Custom Models for GitHub Copilot

The custom models option for GitHub Copilot is now available in public beta, allowing developers to fine-tune Copilot to understand better and align with each organization’s unique coding practices.

This new capability improves the relevancy and accuracy of code suggestions in projects, so we’ve compiled the most important points to remember and the keys to getting the most out of it now.

What are Custom Models?

Custom models are LLMs refined using an organization’s code bases. By training the model on proprietary libraries, specialized languages, and internal coding patterns, Copilot will be able to provide code suggestions that are more context-sensitive and tailored to the needs of each case.

You can now create a custom model using your own GitHub repositories, and you can also enable the collection of code snippets and telemetry from other developers’ Copilot prompts and responses, to further fine-tune the model.

This aligns Copilot’s suggestions with each developer’s coding practices, helping to make them more relevant and accurate. This translates into less time spent on code review, debugging, and manual code tuning, and therefore higher productivity and better code quality.

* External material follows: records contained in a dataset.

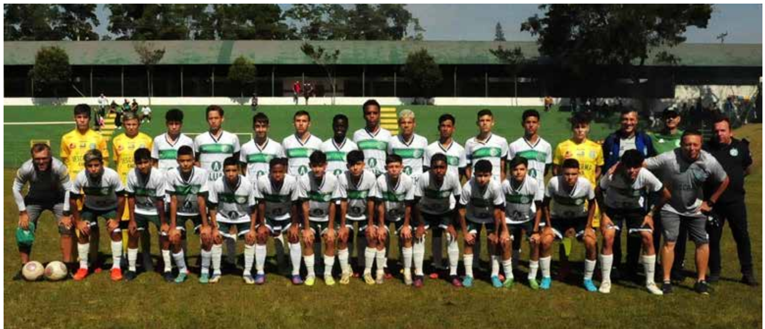
Equipe sub 14

A comissão organizadora: Aproveitamos a oportunidade para agradecer a todas as agremiações, seus respectivos jovens atletas, integrantes de comissões técnicas, familiares, parceiros, colaboradores pela confiança em nossa competição e parabenizamos a todos pela excelente competição que realizaram nessa edição, onde o equilíbrio prevaleceu em todas as categorias graças ao belo trabalho e profissionalismo de todos os envolvidos, pois só quem comanda essa garotada sabe com o é difícil porém gratificante, sendo assim, fica aqui nossos parabéns e nossos agradecimentos.
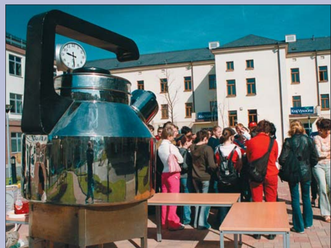
Evropa vstupem Vysočiny získala i kuriozity. Například největší čajovou konvici, která se představila na nádvoří sídla kraje.
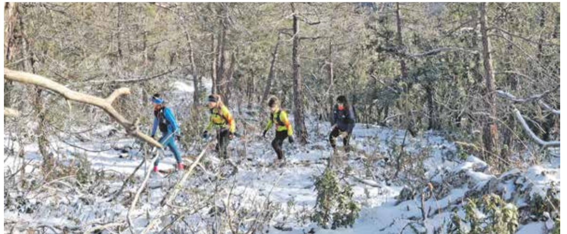
Foto: Los corredores de montaña, encantados con la nieve. Deportes Daroca
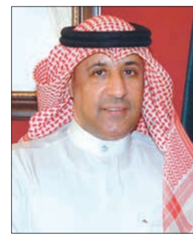
السفير عزيز الديحاني

عمان - «كونا»: أكد سفير الكويت لدى الأردن عزيز الديحاني «متانة ورسوخ» العلاقات بين الكويت والأردن، مشدداً على أنها أكبر بكثير من أن تنال منها تهافتات «غير مسؤولة» ومحاولات «رخيصة» للمساس بها. وثنم الديحاني في تصريح له «كونا» ردة الفعل الأردنية الرسمية والشعبية التي استهجت هذا السلوك ورفضته بشكل قاطع من «فئة» من الجماهير التي حضرت مباراة المنتخبين، لافتاً إلى أن ردة الفعل محل «تقدير واعتزاز» لدى الكويتيين. وأشاد بما صدر من مجلس النواب الأردني من بيان لرفض المساس بالكويت وشعبها واستنكار رئيس مجلس الأعيان الأردني فيصل الفايز لهذه الإساءة. كما أشاد بحرص المسؤولين في الاتحاد الأردني لكرة القدم على اتخاذ الإجراءات الكفيلة بمحاسبة «المسيئين» وهو ما يعكس مكانة الكويت «الكبيرة» لدى الأردن ويؤكد. وأضاف أن الكويت كانت ومازالت «منارة» للسماحة والحكمة ومظلة حاضنة لكل الأشقاء العرب» من منطلق الأخوة ووحدة المصير
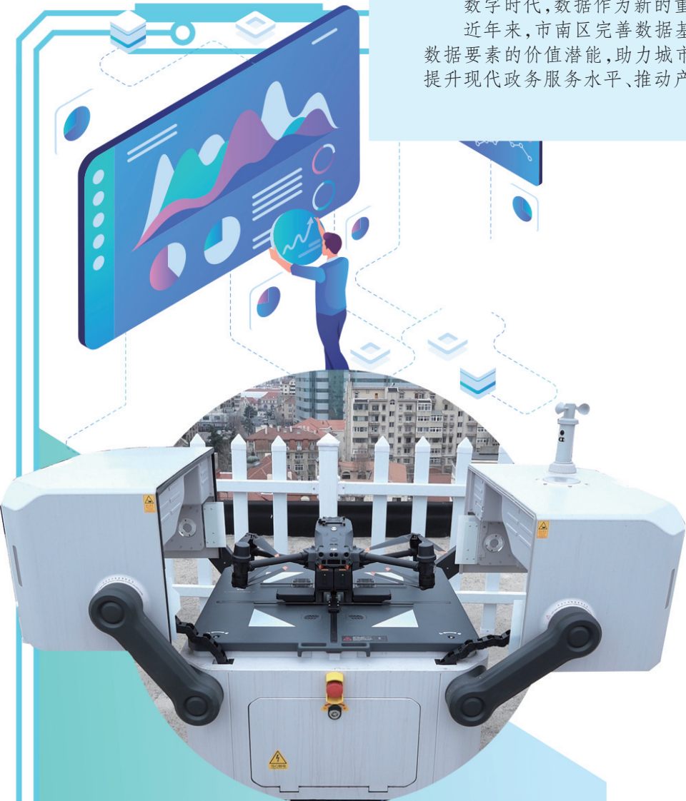
■用于智慧巡飞的无人机。

数字时代,数据作为新的重要战略资源和关键生产要素,正深刻改变着社会生活方式、生产方式和治理方式。近年来,市南区完善数据基础制度和基础设施建设,探索推进数据要素市场化配置工作,释放数据要素乘数效应,发挥数据要素的价值潜能,助力城市数字化、智慧化转型。以应用场景为牵引、市场主体需求为驱动,数据要素已经成为市南区提升现代政务服务水平、推动产业升级和实现区域经济高质量发展的新引擎。
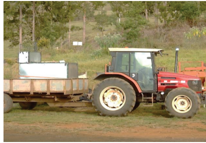
Illustration 2 Équipement d'un agriculteur des Hauts de Saint-Paul pour alimenter en eau potable son élevage et son habitation
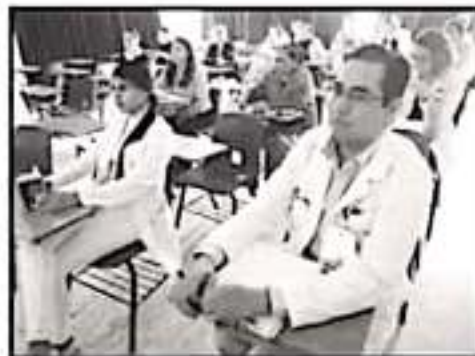
RECOMIENDAN ESTAR ALERTAS ANTE PRESENCIA DE VIRUS

■ SALUD ■ REALIZAN CAPACITACIONES AL PERSONAL MÉDICO
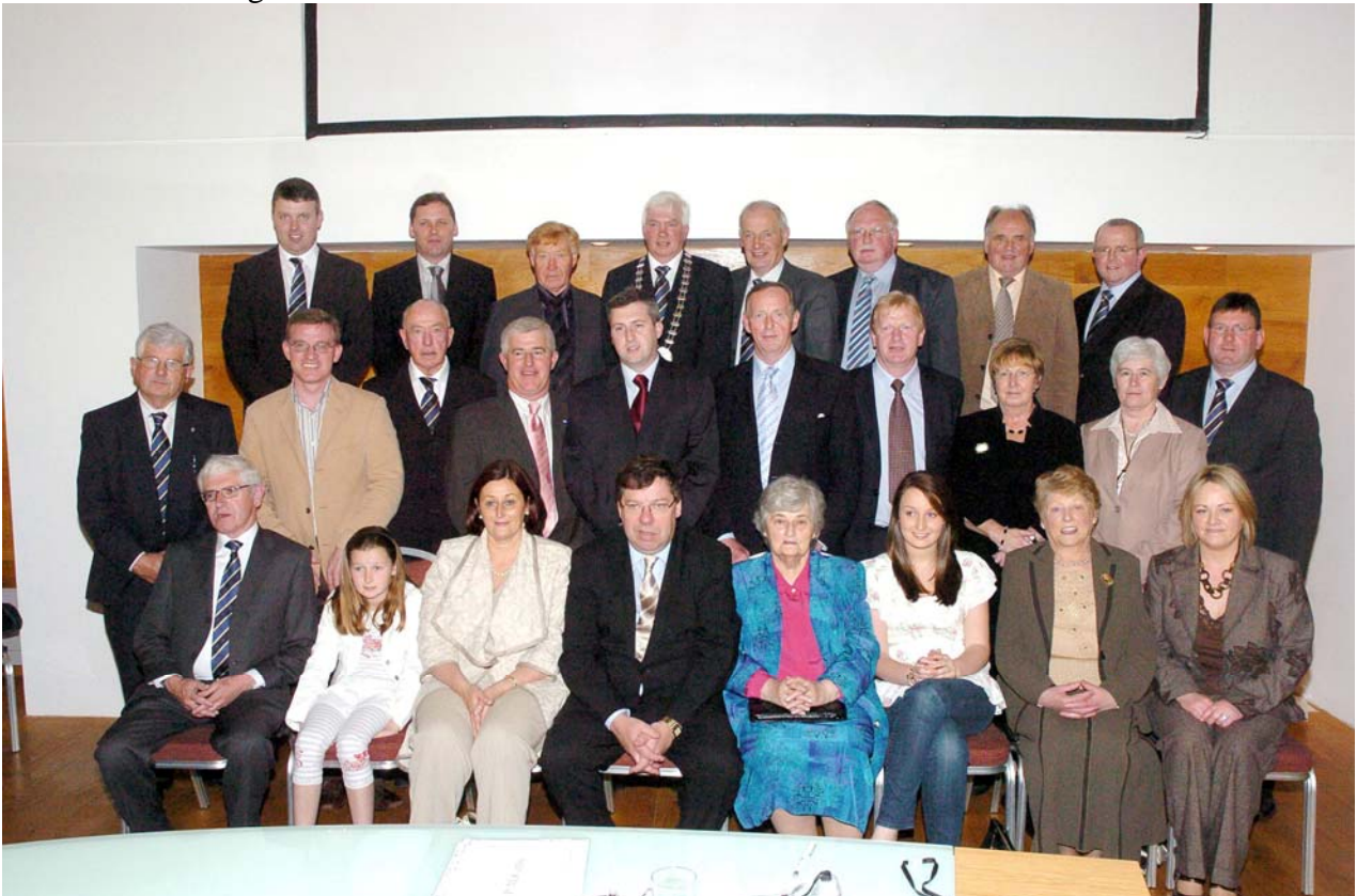
An Taoiseach, An t-Uas. Brian Cowen, T.D., Seomra na Comhairle, Áras an Chontae, 10 ú Bealtaine 2008

Bhí Fáiltiú Sibhialta chun onóir a thabhairt don dTaoiseach, An t-Uas. Brian Cowen, T.D. ar siúl ar an 10 ú Bealtaine ag Áras an Chontae.
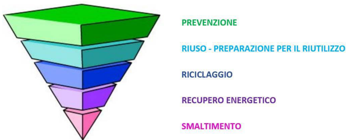
Figura 1: Gerarchia comunitaria di gestione dei rifiuti

In relazione alla produzione totale dei rifiuti urbani si registra nel 2019 un leggero calo rispetto alla base-line di Piano, ma si è ancora distanti dal raggiungimento degli obiettivi previsti al 2020. Questa evidenza, anche in relazione alla grande fluttuazione delle variabili economiche per effetto dell'emergenza COVID-19, necessita di riflessioni approfondite rispetto alla valutazione dei nuovi obiettivi di prevenzione.
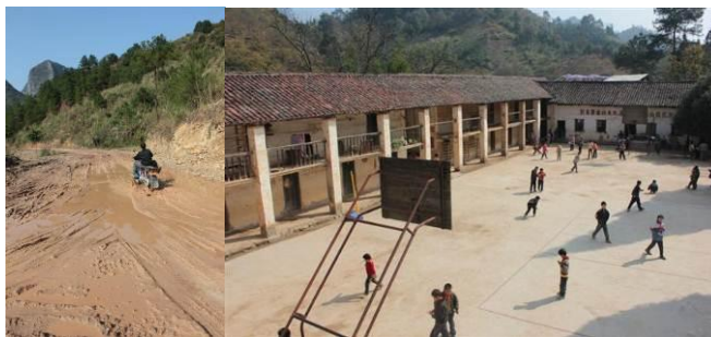
图 1 下雨后通往学校的泥路 图 2 学校操场左边的楼已成危房

When to use custom models?

As in all other processes, there is a tool for every moment. In this case, you should consider using customized models in the following scenarios:

Improve library and API usage: A model can prioritize custom libraries and APIs for its suggestions, making it easier to follow internal standards.
Improve support for specialized languages: fine-tuning helps Copilot better understand less common or proprietary languages, reducing friction and improving productivity.
Adapt to evolving code bases: By periodically training your code base, you can also ensure that Copilot stays up-to-date with the latest coding patterns so that it continues to provide relevant and accurate suggestions.

Create a Custom Model in GitHub Copilot

As it is still in its beta version, only an organization within a company can create a customized model.

Once assigned as the owner of the organization, you can choose which repositories will be used to train the model. The model can be trained on one, several, or all of the organization’s repositories, and is trained on the content of the default branches of the selected repositories.

The custom model will be used to generate code completion suggestions on all file types, regardless of whether that file type was used for training. And you can also choose whether telemetry data should be used.

Once started, the creation of a custom model will take several hours to complete. When the process is complete, you will be notified by email, and if it fails, Copilot will continue to use the current model to generate code completion suggestions.

When the model has been successfully created, all managed users in the enterprise who have access to Copilot Enterprise in the organization where it has been deployed will begin to see code completion hints generated by the custom model.

To test the effectiveness of the model, it is advisable to evaluate the usage and satisfaction levels of GitHub Copilot code completion suggestions before and after model deployment. This can be done by using REST APIs or by surveying developers on their perception and satisfaction with the model suggestions.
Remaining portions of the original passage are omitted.